Ayn Rand put it best in The Fountainhead. When the opportunistic, yet brilliant publisher Gail Wynand tells his soon to be wife Dominique on their romantic excursion on his yacht:
“[T]he person who loves everybody and feels at home everywhere is the true hater of mankind. He expects nothing of men, so no form of depravity can outrage him.”
“You mean the person who says that there’s some good in the worst of us?”
“I mean the person who has the filthy insolence to claim that he loves equally the man who made that statue of you and the man who makes a Mickey Mouse balloon to sell on street corners. I mean the person who loves the men who prefer the Mickey Mouse to your statue-and there are many of that kind. I mean the person who loves Joan of Arc and the salesgirls in dress shops on Broadway-with equal fervor. I mean the person who loves your beauty and the women he sees in a subway-the kind that can’t cross their knees and show flesh hanging publicly over their garters-with the same sense of exaltation. I mean the person who loves the clean, steady, unfrightened eyes of man looking through a telescope and the white stare of an imbecile-equally.”(…)
“You’ve never felt how small you were when looking at the ocean.”

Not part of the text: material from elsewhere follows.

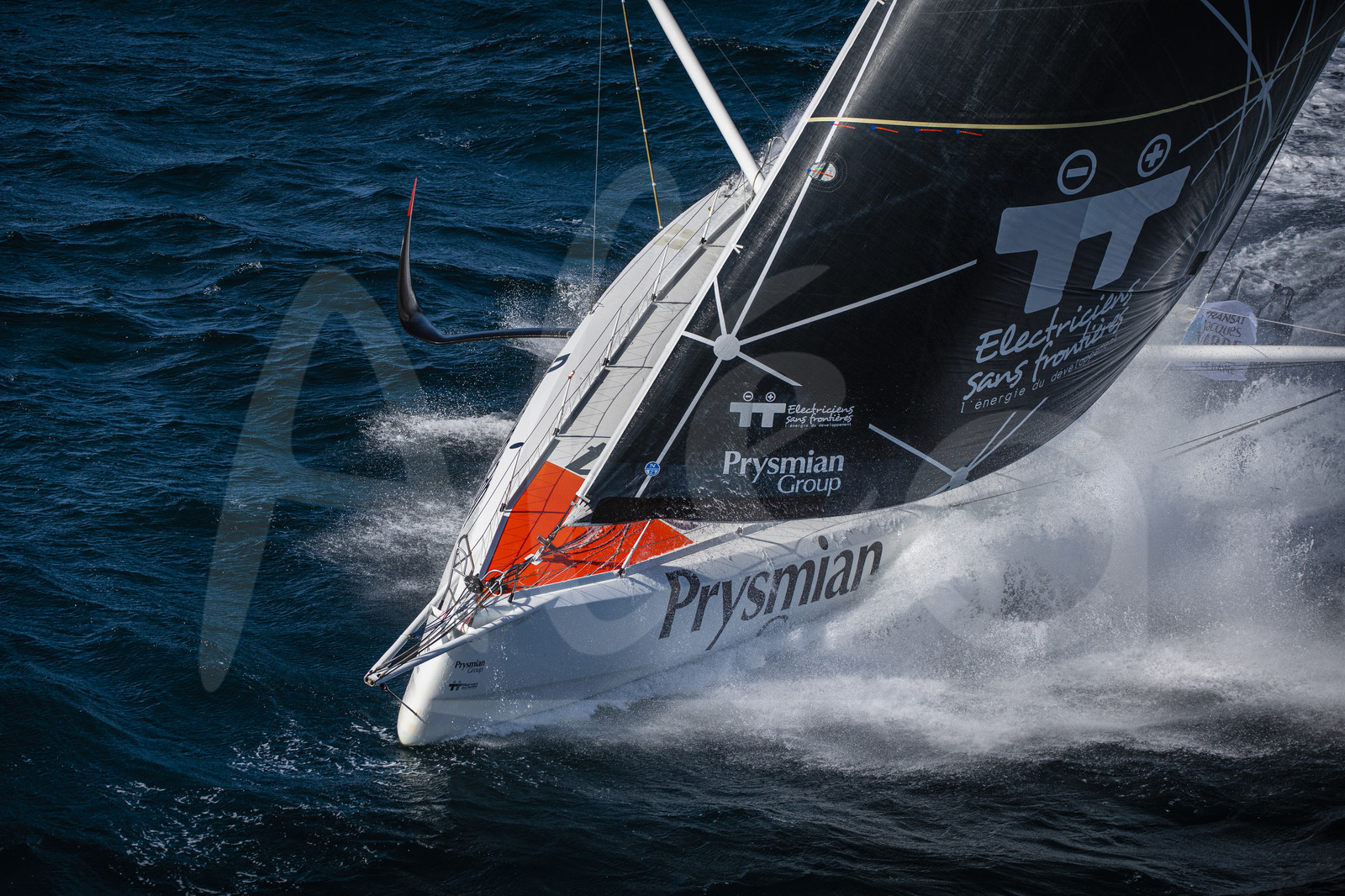 Description | LORIENT, FRANCE - SEPTEMBER 27: Skippers Giancarlo Pedote and Martin Le Pape are training on the Imoca Prysmian Group, prior to the Transat Jacques Vabre, sailing race in duo from Le Havre to Fort de France, on September 27, 2021 off Lorient, France. (Photo by Bernard Le Bars/ALeA) |

“Never. Nor looking at the planets. Nor at mountain peaks. Nor at the Grand Canyon. Why should I? When I look at the ocean, I feel the greatness of man. I think of man’s magnificent capacity that created this ship to conquer all that senseless space. When I look at mountain peaks, I think of tunnels and dynamite. When I look at the planets, I think of airplanes.”
(…)
“It’s interesting to speculate on the reasons that make men so anxious to debase themselves. As in that idea of feeling small before nature. It’s not a bromide, it’s practically an institution. Have you noticed how self-righteous a man sounds when he tells you about it? Look, he seems to say, I’m so glad to be a pygmy, that’s how virtuous I am. Have you heard with what delight people quote some great celebrity who’s proclaimed that he’s not so great when he looks at Niagara Falls? It’s as if they were smacking their lips in sheer glee that their best is dust before the brute force of an earthquake. As if they were sprawling on all fours, rubbing their foreheads in the mud to the majesty of a hurricane. But that’s not the spirit that leashed fire, steam, electricity, that crossed oceans in sailing sloops, that built airplanes and dams . . . and skyscrapers. What is it they fear? What is it they hate so much, those who love to crawl? And why?”
It is ultimately their own deficiency they hate. It is what makes them follow false ideas. But ultimately there is no problem with deficiency per se, so long as one accepts it and makes an effort to improve. The problems only arise when people reject reality, refuse to improve, and begin to delude themselves.